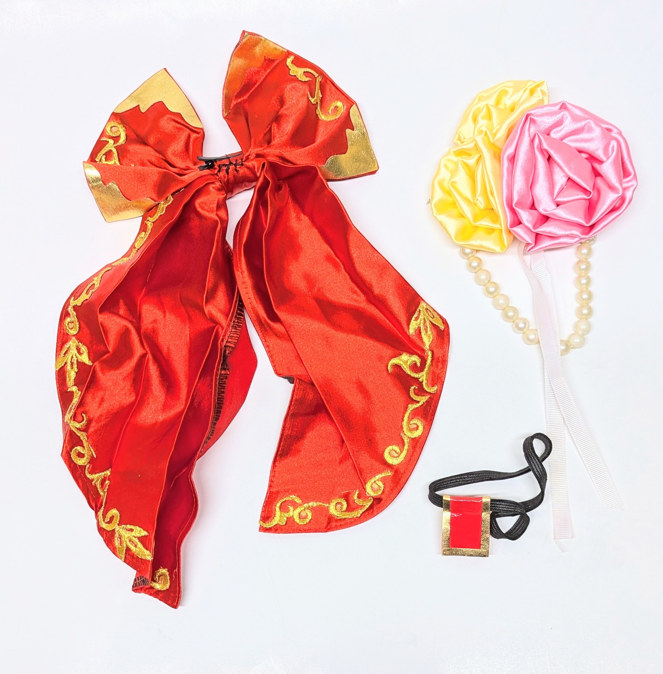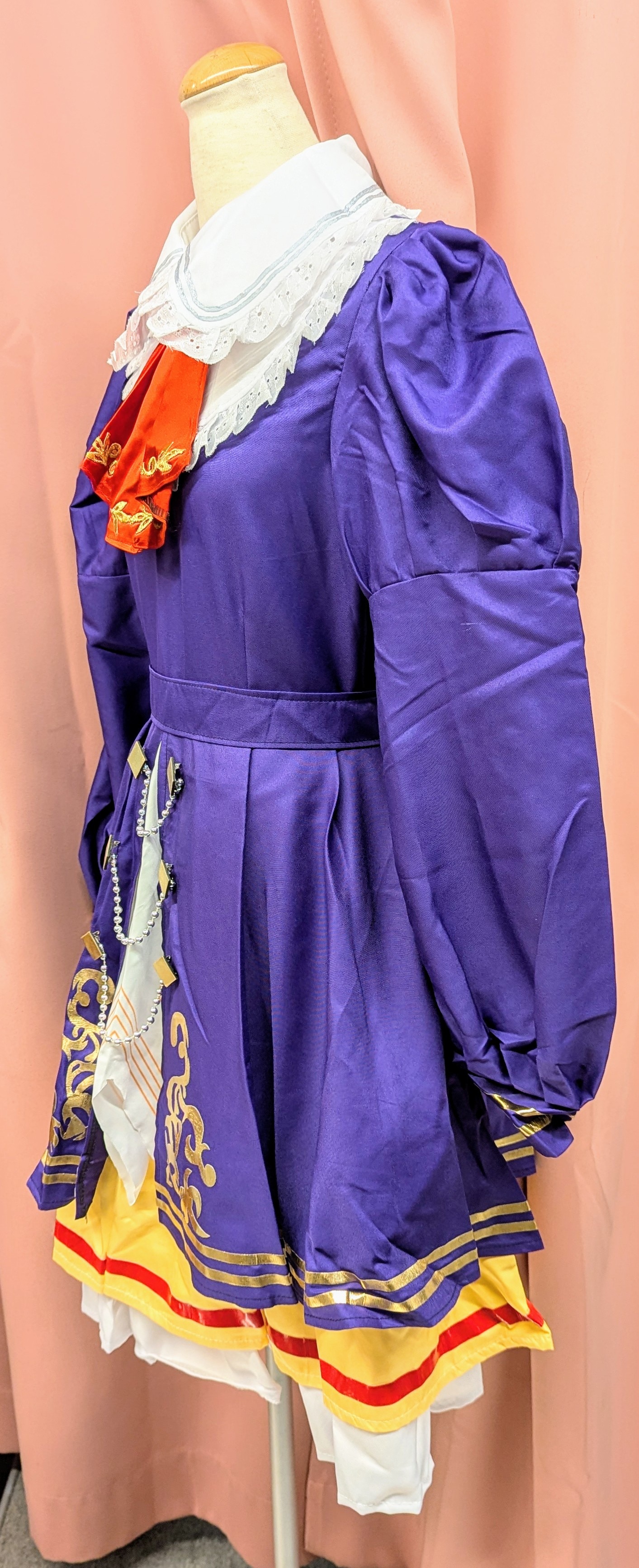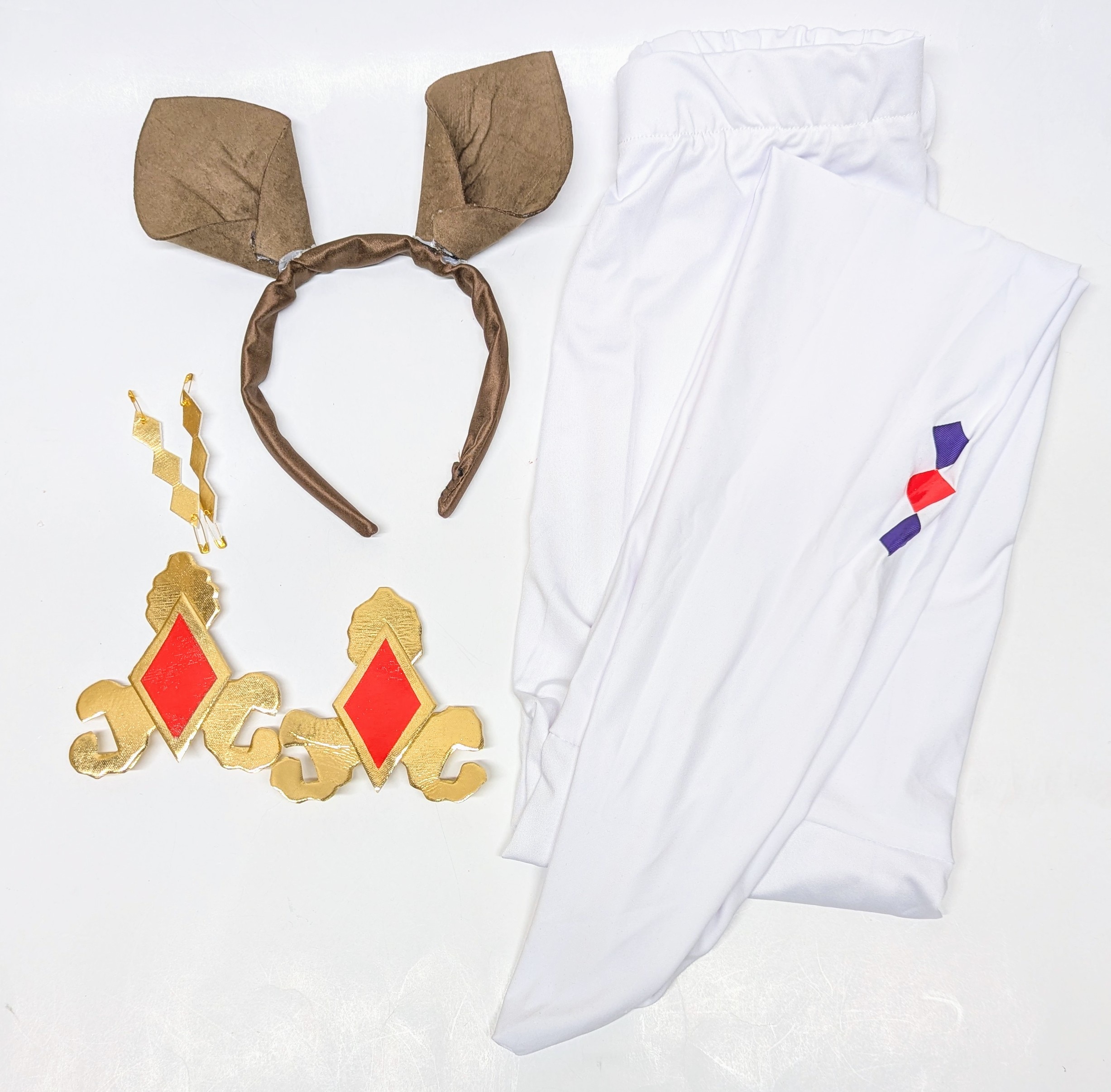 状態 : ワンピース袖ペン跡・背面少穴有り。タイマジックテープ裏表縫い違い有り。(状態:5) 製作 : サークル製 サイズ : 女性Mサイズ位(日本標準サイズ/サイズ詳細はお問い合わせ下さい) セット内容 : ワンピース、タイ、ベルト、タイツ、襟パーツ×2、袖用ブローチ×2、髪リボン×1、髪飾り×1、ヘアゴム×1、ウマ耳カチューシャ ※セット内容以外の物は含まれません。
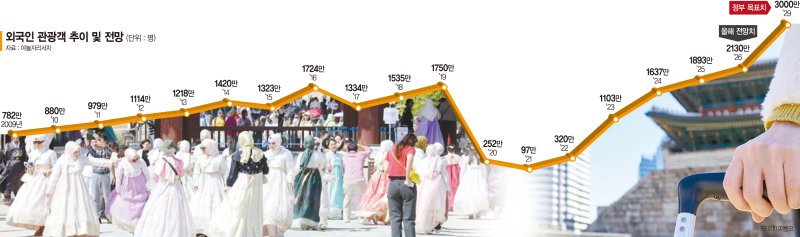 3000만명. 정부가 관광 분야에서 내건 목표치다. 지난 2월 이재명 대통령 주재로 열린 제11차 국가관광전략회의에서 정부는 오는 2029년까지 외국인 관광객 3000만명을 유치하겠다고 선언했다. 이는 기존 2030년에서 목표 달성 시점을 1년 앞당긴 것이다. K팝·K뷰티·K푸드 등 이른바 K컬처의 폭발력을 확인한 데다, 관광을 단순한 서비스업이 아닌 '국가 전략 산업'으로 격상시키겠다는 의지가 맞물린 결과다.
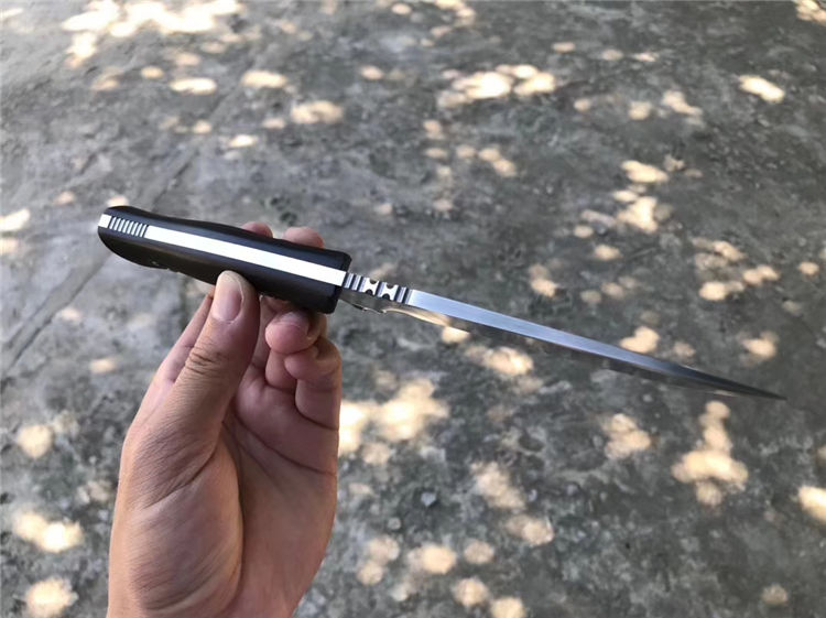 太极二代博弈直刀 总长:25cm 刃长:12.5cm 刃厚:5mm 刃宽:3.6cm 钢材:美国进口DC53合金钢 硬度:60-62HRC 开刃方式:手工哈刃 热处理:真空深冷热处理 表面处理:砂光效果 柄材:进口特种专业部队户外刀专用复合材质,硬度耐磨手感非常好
=-=-=-=-=
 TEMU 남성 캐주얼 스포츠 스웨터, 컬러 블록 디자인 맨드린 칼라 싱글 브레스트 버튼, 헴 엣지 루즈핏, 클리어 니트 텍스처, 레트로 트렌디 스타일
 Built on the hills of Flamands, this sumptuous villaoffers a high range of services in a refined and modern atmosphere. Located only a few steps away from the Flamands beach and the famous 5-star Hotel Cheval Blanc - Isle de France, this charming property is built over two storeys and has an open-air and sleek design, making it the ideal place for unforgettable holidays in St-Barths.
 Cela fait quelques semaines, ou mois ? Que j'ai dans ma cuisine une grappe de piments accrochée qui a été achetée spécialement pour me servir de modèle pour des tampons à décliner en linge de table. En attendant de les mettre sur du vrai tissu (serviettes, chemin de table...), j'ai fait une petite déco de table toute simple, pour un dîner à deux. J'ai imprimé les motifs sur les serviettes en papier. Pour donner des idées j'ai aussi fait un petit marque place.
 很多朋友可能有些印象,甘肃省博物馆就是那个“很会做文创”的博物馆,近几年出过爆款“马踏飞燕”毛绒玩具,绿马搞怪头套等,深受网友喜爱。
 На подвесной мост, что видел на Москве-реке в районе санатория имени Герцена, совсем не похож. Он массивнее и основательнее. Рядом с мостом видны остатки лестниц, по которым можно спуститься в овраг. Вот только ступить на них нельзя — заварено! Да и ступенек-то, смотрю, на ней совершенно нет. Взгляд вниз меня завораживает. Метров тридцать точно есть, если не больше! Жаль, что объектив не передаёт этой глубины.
=-=-=-=-=
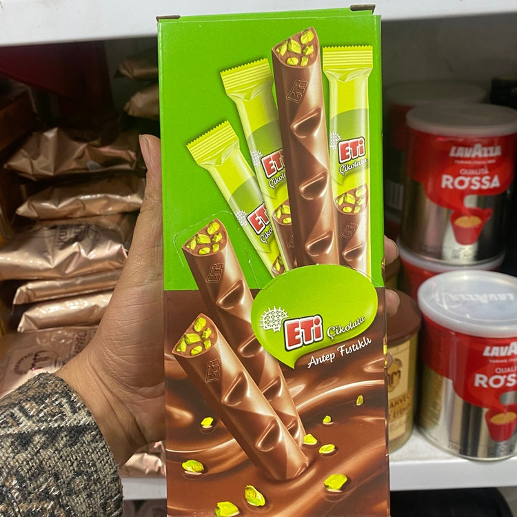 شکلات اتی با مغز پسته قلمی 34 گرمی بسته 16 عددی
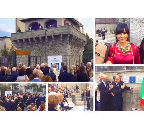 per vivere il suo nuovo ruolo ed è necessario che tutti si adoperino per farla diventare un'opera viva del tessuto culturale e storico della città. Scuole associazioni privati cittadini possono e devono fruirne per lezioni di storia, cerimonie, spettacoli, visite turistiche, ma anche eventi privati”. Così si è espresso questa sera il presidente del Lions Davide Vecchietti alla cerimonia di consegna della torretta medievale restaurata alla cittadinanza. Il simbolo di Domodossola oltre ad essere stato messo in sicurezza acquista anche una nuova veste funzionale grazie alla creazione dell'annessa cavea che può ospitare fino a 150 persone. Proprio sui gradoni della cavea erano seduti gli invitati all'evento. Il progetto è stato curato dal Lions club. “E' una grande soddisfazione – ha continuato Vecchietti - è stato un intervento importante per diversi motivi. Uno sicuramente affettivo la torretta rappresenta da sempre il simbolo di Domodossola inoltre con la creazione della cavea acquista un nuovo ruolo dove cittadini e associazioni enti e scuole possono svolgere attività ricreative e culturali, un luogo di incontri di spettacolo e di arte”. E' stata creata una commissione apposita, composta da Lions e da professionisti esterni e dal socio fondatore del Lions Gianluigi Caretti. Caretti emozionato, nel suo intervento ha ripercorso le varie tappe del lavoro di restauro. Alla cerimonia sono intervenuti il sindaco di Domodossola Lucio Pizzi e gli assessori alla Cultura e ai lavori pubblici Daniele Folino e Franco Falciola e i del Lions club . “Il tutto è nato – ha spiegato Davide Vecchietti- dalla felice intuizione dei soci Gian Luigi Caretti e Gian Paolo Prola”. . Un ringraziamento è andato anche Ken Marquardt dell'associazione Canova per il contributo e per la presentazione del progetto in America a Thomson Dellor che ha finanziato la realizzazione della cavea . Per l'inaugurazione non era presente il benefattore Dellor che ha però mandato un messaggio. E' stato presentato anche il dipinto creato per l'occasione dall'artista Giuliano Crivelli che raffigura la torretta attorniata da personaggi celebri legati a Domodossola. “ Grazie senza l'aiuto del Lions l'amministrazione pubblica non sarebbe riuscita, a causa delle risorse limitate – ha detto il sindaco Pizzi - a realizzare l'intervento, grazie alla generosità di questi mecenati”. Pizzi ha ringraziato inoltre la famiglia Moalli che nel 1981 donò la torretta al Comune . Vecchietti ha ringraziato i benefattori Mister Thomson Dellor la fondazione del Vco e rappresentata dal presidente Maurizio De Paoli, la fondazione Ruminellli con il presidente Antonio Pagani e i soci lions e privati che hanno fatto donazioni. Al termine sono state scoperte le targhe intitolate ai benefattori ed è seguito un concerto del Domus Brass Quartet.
=-=-=-=-=
> _EXERCISE DESCRIPTION_: Return only the part of the records above that opens with the line containing "TEMU 남성 캐주얼" and closes with the line containing "很多朋友可能有些印象,甘肃省", ends included.

> _RESULT OF THE TASK_:
 TEMU 남성 캐주얼 스포츠 스웨터, 컬러 블록 디자인 맨드린 칼라 싱글 브레스트 버튼, 헴 엣지 루즈핏, 클리어 니트 텍스처, 레트로 트렌디 스타일
 Built on the hills of Flamands, this sumptuous villaoffers a high range of services in a refined and modern atmosphere. Located only a few steps away from the Flamands beach and the famous 5-star Hotel Cheval Blanc - Isle de France, this charming property is built over two storeys and has an open-air and sleek design, making it the ideal place for unforgettable holidays in St-Barths.
 Cela fait quelques semaines, ou mois ? Que j'ai dans ma cuisine une grappe de piments accrochée qui a été achetée spécialement pour me servir de modèle pour des tampons à décliner en linge de table. En attendant de les mettre sur du vrai tissu (serviettes, chemin de table...), j'ai fait une petite déco de table toute simple, pour un dîner à deux. J'ai imprimé les motifs sur les serviettes en papier. Pour donner des idées j'ai aussi fait un petit marque place.
 很多朋友可能有些印象,甘肃省博物馆就是那个“很会做文创”的博物馆,近几年出过爆款“马踏飞燕”毛绒玩具,绿马搞怪头套等,深受网友喜爱。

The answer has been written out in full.